- [What to produce] Nothing but the lines below from the one that contains "es es Pronomen" through the one that contains "لقطة من فيلم" should be retyped, exactly and including both ends. Do not include pictures.

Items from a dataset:

▬▬▬▬▬▬

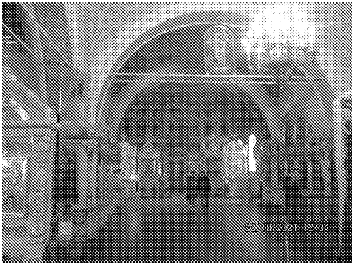
Интерьер (главный престол)
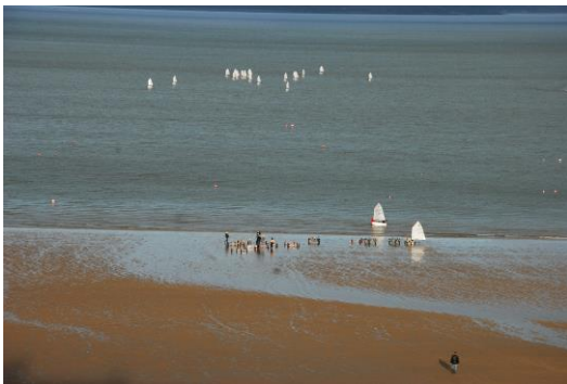
Dinbych y Pysgod- sailing dinghy activity off North Beach
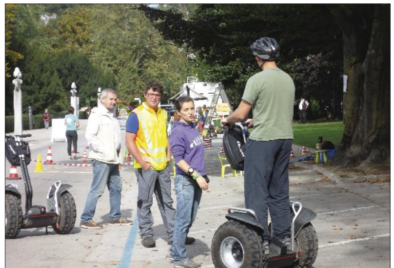
Električno vozilo Seagway.
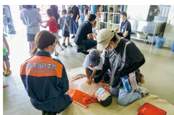
心臓マッサージ体験
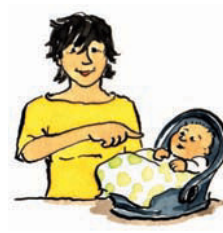
es es Pronomen
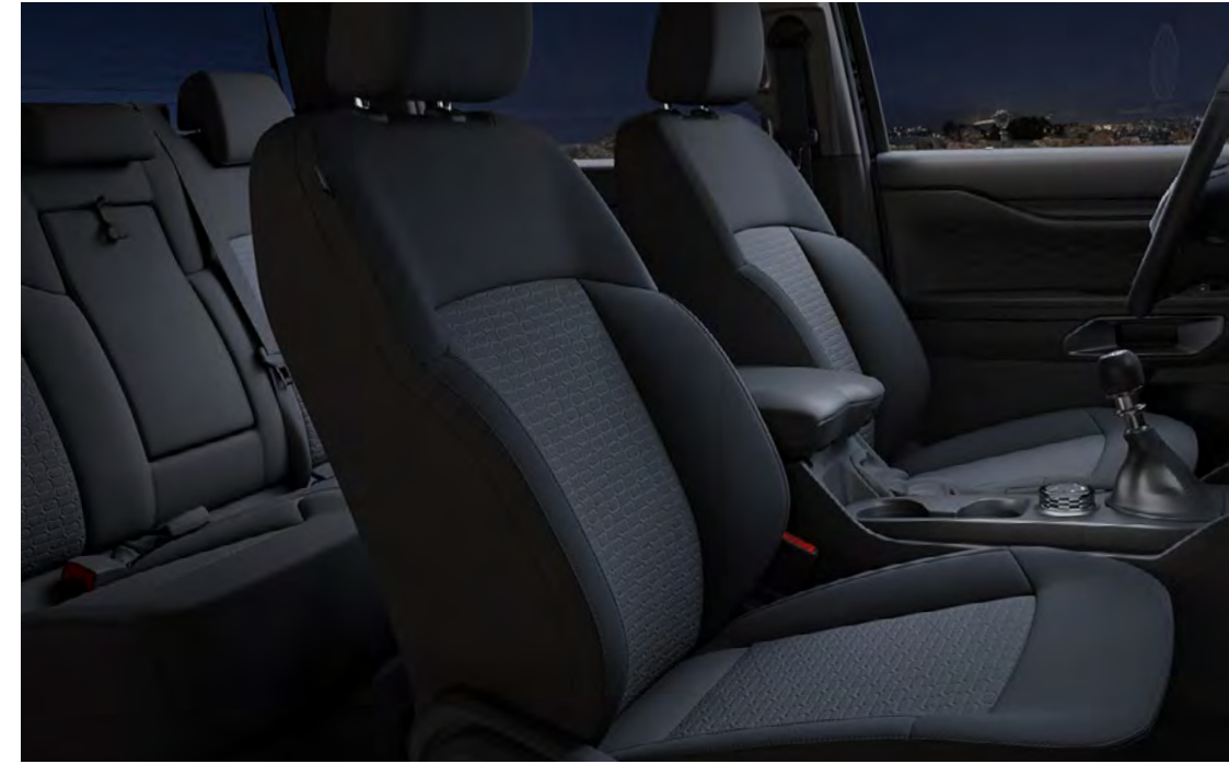
Elevate Embossed szövet Ebony színben Alapfelszereltség az XLT szérián
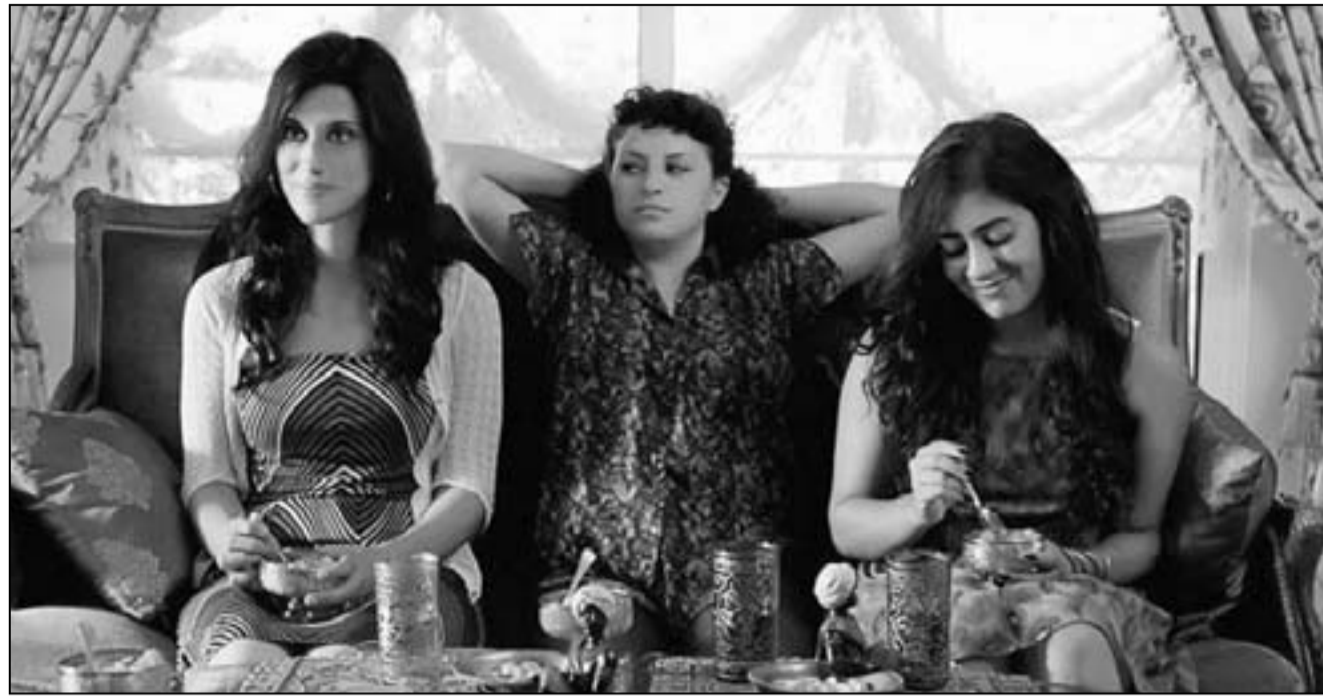
لقطة من فيلم «ماي في الصيف»

ويتنافس 14 فيلماً في مسابقة الأفلام الطويلة على «الوهر الذهبي» هي الجزائر بفيلمين «عطور الجزائر» لرشيد بن حاج و«بما» لجميلة صحراوي، مصر بفيلمين هما «الشتوق» لخالد الحجر و«الخروج إلى النهار» لهالة لطفي والفنان البيروني مهران قرطاج، لبنان بفيلمين هما «ثورة ماسي» لجو بويع و«33 يوما» لجمال شورجي، تونس بفيلم «الأستاذ» لمحمد بن محمود، الأردن بفيلم «الجمعة الأخيرة»، المغرب بفيلم «الوتر الخامس» لسلمى براقش، سوريا بفيلمين هما «الشراع والعاصفة» لغسان شميظ و«صديقي الأخير» لجود سعيد، الكويت بفيلم

▬▬▬▬▬▬

- [Response]
es es Pronomen
Elevate Embossed szövet Ebony színben Alapfelszereltség az XLT szérián
لقطة من فيلم «ماي في الصيف»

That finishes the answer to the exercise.